Саперные роты были разбросаны по дорогам, и капитан Занин не знал как следует, где они сейчас находятся. При штабе оставался один только взвод, и Николай вместе с ним повернул на Семь Колодезей.
Один штабель взорвали, и сухари брызгами рассыпались по степи. Остальные пришлось жечь. Николай не представлял, что сухари могут так жарко гореть — как угли. В воздухе стояла горечь жженого хлеба, и ему напомнило это раннее детство. По субботам мать пекла хлебы, а потом обязательно, угорев, повязывала голову сырым полотенцем. Здесь, в степи, саперы тоже угорели от хлебной гари. Голова будто раскалывалась на части, когда под вечер наконец тронулись дальше.

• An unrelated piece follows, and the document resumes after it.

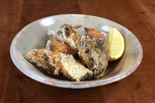 オオグチイシチビキの唐揚げ かまの部分や切り落とし、腹の薄い部分を集めておく。片栗粉をまぶして二度揚げする。揚げ上がりに塩をふる。カイエンヌペッパーやコショウで香りづけするとなおおいしい。身はふっくらと皮や鰭はさくさくと香ばしく上がる。クリックで閉じます![]()
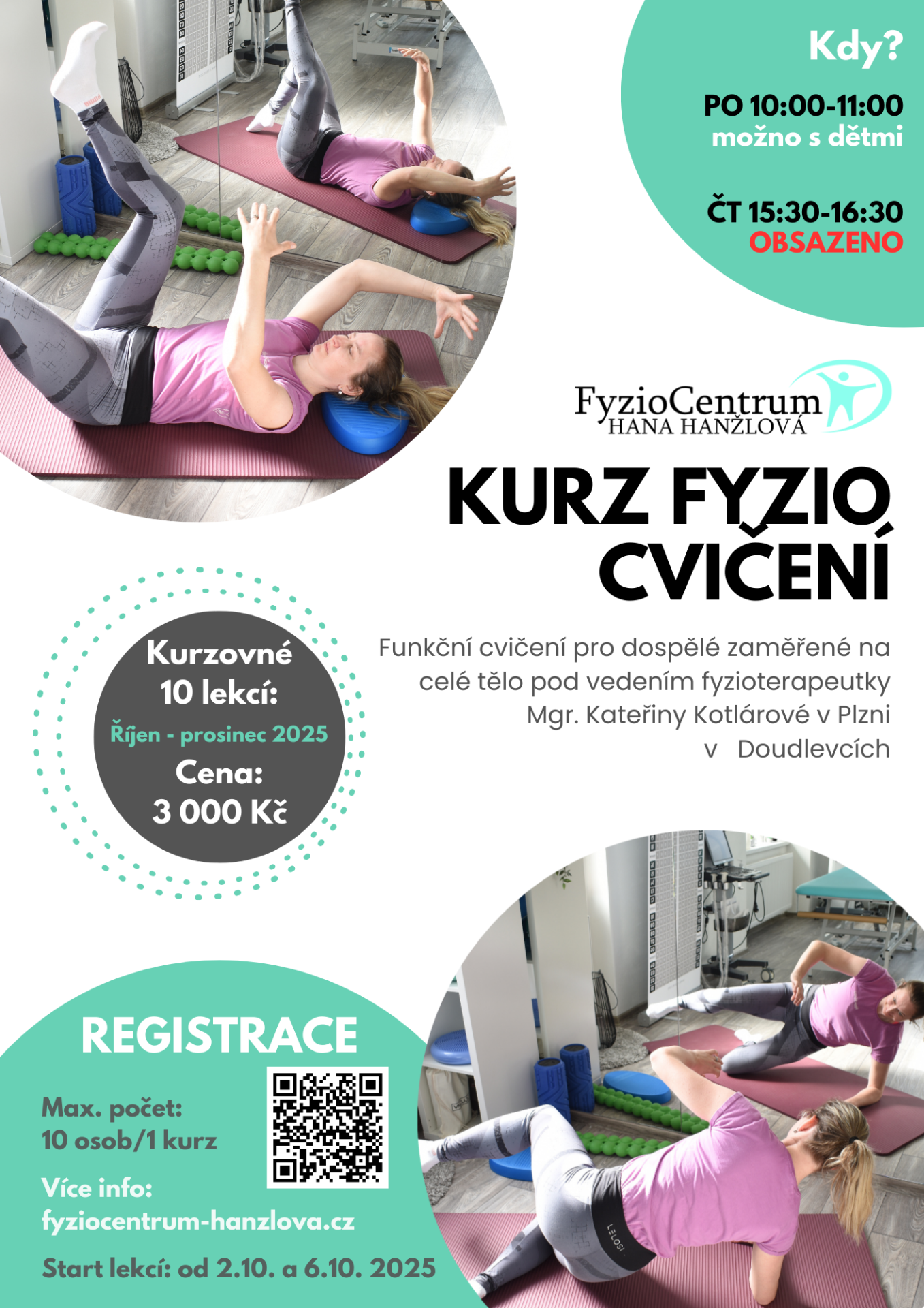 Dne 2.10.2025 a 6.10.2025 se opět rozběhnou oblíbené kurzy skupinového FYZIO cvičení metodou DNS dle prof. Pavla Koláře. (dynamická neuromuskulární stabilizace) pod vedením odborné fyzioterapeutky Mgr. Kateřiny Kotlárové.

В быстро надвигающихся сумерках было видно, как догорают армейские склады. Но теперь штабеля сухарей не походили на скирды — издали это казалось обыкновенным пожарищем.
Прошло не больше недели, и капитан Занин в голодном воображении отчетливо представлял себе горы ржаных сухарей, догоравших в открытой степи. Со своим недюжинным здоровьем Николай особенно мучительно переживал приступы голода Теперь каждый из гарнизона Аджи-мушкайских каменоломен получал в сутки один сухарь. Даже и это было бы терпимо, но сухарь не лез в глотку. Хотя бы один глоток влаги, чтобы смочить пересохший рот. Но воды не было. Только раненым, как микстуру, выдавали по столовой ложке на человека, а потом стали давать через день…
Правда, вода была рядом — колодезь стоял в нескольких десятках метров от входа в каменоломни, но этот единственный источник жизни немцы держали под жестоким огнем, и каждую ночь здесь разгоралась битва за воду. Крови проливали больше, чем добывали воды.
Все это было под Керчью недалеко от завода имени Войкова, где на десятки километров протянулись подземные галереи, сырые и затхлые переходы Аджи-мушкайских каменоломен. Рассказывали, что еще в древности, может быть тысячу лет тому назад, в катакомбах скрывались первые христиане. Теперь, в наш век, в подземном лабиринте укрылись десять — двенадцать тысяч людей, занявших оборону в Аджи-мушкайских каменоломнях. Сюда вошли несколько полков со штабами, армейские госпитали, тысячи одиночек-солдат, офицеров, женщины, дети, отступавшие вместе с Приморской армией.
В Берлине торжествовали. Газеты, радио трубили о новой победе — занята Керчь, русские сброшены в море, захвачено полтораста тысяч пленных, сотни танков, больше тысячи орудий. Как всегда, цифры были преувеличены, но советские войска действительно понесли тяжелые потери. Однако борьба еще продолжалась. Защитники Аджи-мушкайских каменоломен дрались яростно и ожесточенно.